My expectations of love and romance were born the day I saw my first romantic comedy. I am not talking about a modern day romantic comedy where Jennifer Aniston or Katherine Heigl prance about in $500 shoes pretending that they just can’t get a worth while man, while Studley McStud irritates his way into her little heart. (Barf) I am talking about the romantic comedies of the 1930’s and 1940’s. I am talking about films where women were bright and quick witted, films where men and women seemed to be on the same level. I am talking about films that made men seem just as goofy about love as women. But, they just don’t seem to make movies like that anymore and we ladies are paying the price.
I have been of the firm belief that Romantic Comedies have ruined relationships for women for a long time. We grow up on movies where pretty non drug using hookers get saved by millionaires and cute quirky guys like John Cusack and Jason Schwartzman want to take you to cute quirky dinners and drop you off at home without trying to get in your pants. This my dears, is bullshit. I call it the Lloyd Dobler Effect. Please, allow me to elucidate.
The film “Say Anything” came out when I was at the fragile and impressionable age of fifteen. I was just beginning to notice boys and was anxious to have my heart splattered all over Souther California. Unfortunately for me I was a chubby fifteen year old with braces and a bad perm. No boy was going to break my heart, much less find it past my metal mouth. But then came Lloyd Dobler in “Say Anything”. He was goofy. He was unpopular with girls. He was sweet and romantic. He was perfect. And that is exactly when our problems began. We are looking for a guy who doesn’t exist. There is no Lloyd Dobler.
And what if there was? Let’s get real here for a second. If some dorkey guy who seemed to be overly obsessed with you kept calling and asking you out, you would not go. If a guy REALLY stood outside your bedroom window blasting “In Your Eyes” you would call the cops. You would wonder why this dude seemed to have zero male friends and the female friends he did have were whiny depressive types who seemed to have a little unrequited love brewing. Is that the guy you really want? Someone who already thinks you are perfect? Someone who doesn’t challenge you? Maybe I am getting older, but I really don’t want a guy who thinks the word stops and starts with me. I am too old for a drooling puppy. Hell, I was too old for that at eighteen. Llyod Dobler is boring and he is…

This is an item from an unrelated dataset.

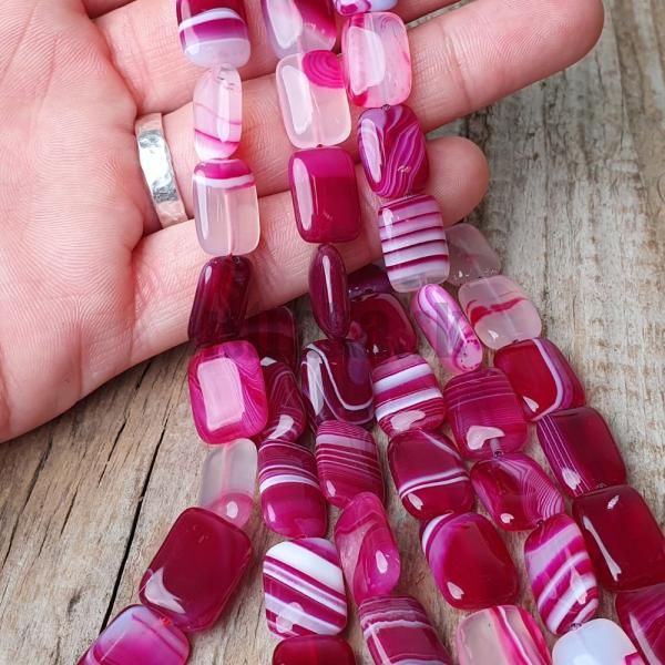Achát krajkový korálky 10x14mm obdĺžniky fuchsiové šnúra
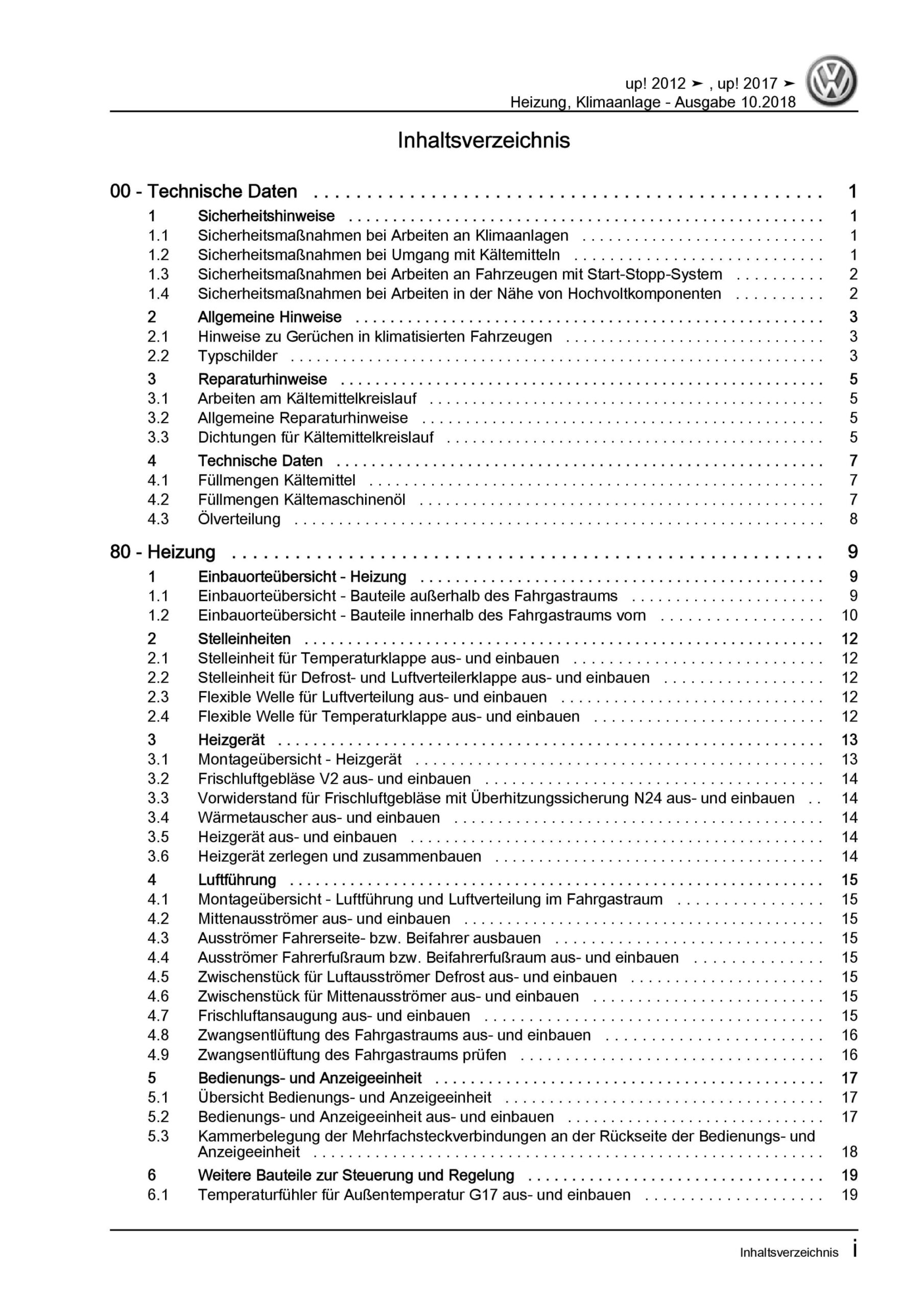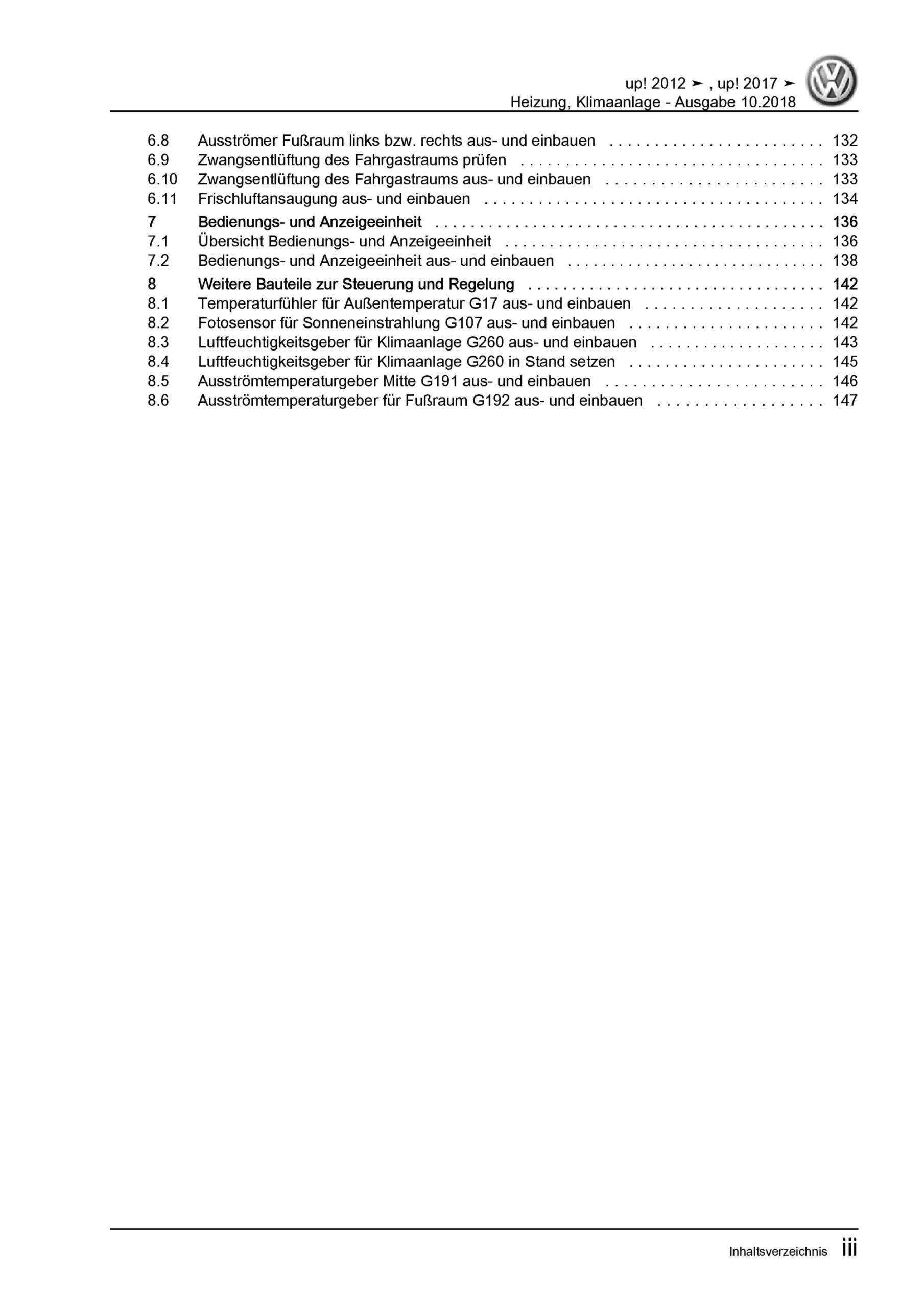 VW Up! Typ 121 2011-2016 Heizung Belüftung Klimaanlage Reparaturanleitung

a fantasy. And thank god for that. It’s one thing to see a “perfect” guy on film, but I don’t think it translates very well to real life. You and I both know we are too good for some boring guy who thinks romance is tantamount to screwing in the back of a car. Personally, I would rather have a guy like “Nick Charles” of The Thin Man series popular in the 1930’s. Sure, he drank a lot and lazes about, but he does it with panache. And his lady does the same. They challenge each other verbally, and she is every bit as witty and memorable as her husband. They are foils for each other and they have FUN. I remember Lloyd Dobler in “Say Anything”, but I have a really hard time remembering anything about the girl… except that she gave him a pen. And who wants to be THAT girl.
Nope. I think I’ll stick with being the gal who drinks as hard as the fellas, has a quick wit and can roll with the punches. I’d rather have a Nick Charles – complete with alcohol and belly – than be some perfect guy’s unmemorable girlfriend.